**Directions for this task:** Please write out only the lines from the line with "Plongez dans un" to the line with "จำนวน 1 อัตรา", inclusive, exactly as they stand below, without the pictures.

**Input data:**
________________________________________

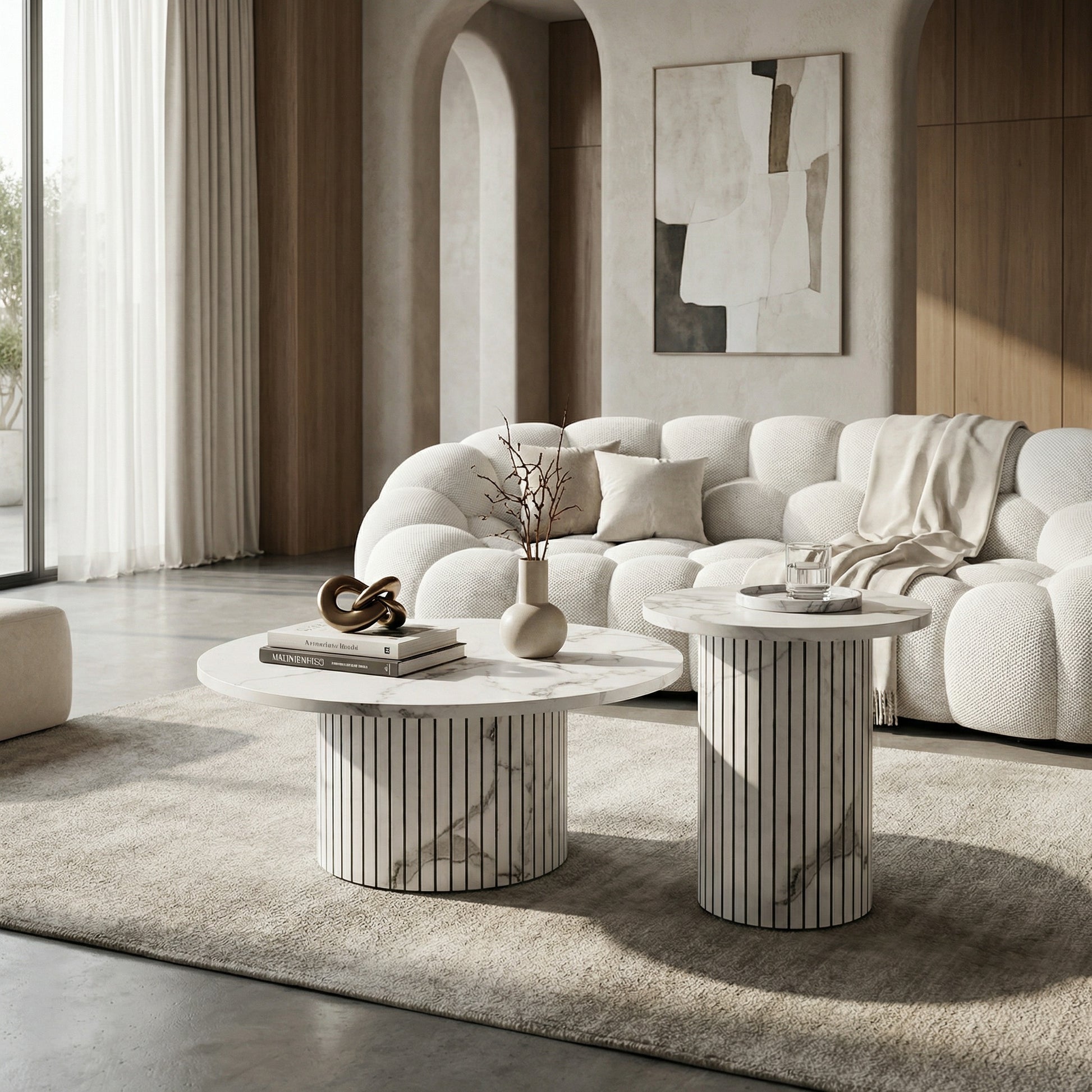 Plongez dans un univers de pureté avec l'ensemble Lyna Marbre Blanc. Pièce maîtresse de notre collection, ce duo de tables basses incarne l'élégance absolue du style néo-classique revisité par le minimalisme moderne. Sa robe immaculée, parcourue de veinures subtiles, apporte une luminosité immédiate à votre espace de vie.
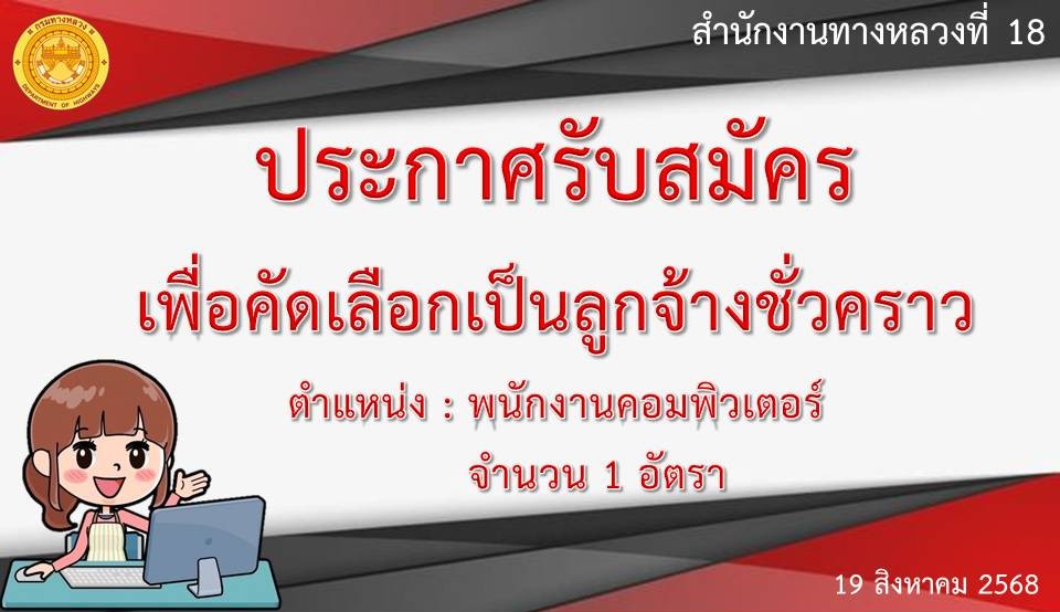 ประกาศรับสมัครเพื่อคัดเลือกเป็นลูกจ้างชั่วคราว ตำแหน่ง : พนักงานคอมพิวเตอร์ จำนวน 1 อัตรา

________________________________________

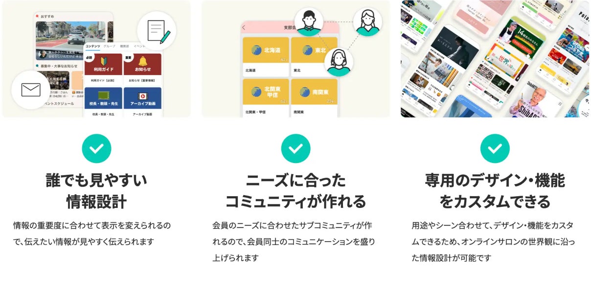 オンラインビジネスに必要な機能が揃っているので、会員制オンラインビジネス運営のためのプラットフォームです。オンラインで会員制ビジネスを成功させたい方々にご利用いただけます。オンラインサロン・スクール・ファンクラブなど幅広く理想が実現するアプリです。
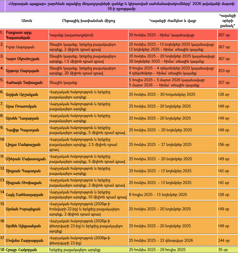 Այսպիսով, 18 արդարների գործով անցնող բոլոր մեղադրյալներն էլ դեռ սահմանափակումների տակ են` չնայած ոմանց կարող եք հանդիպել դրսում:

________________________________________

**Solution below:**
 Plongez dans un univers de pureté avec l'ensemble Lyna Marbre Blanc. Pièce maîtresse de notre collection, ce duo de tables basses incarne l'élégance absolue du style néo-classique revisité par le minimalisme moderne. Sa robe immaculée, parcourue de veinures subtiles, apporte une luminosité immédiate à votre espace de vie.
 ประกาศรับสมัครเพื่อคัดเลือกเป็นลูกจ้างชั่วคราว ตำแหน่ง : พนักงานคอมพิวเตอร์ จำนวน 1 อัตรา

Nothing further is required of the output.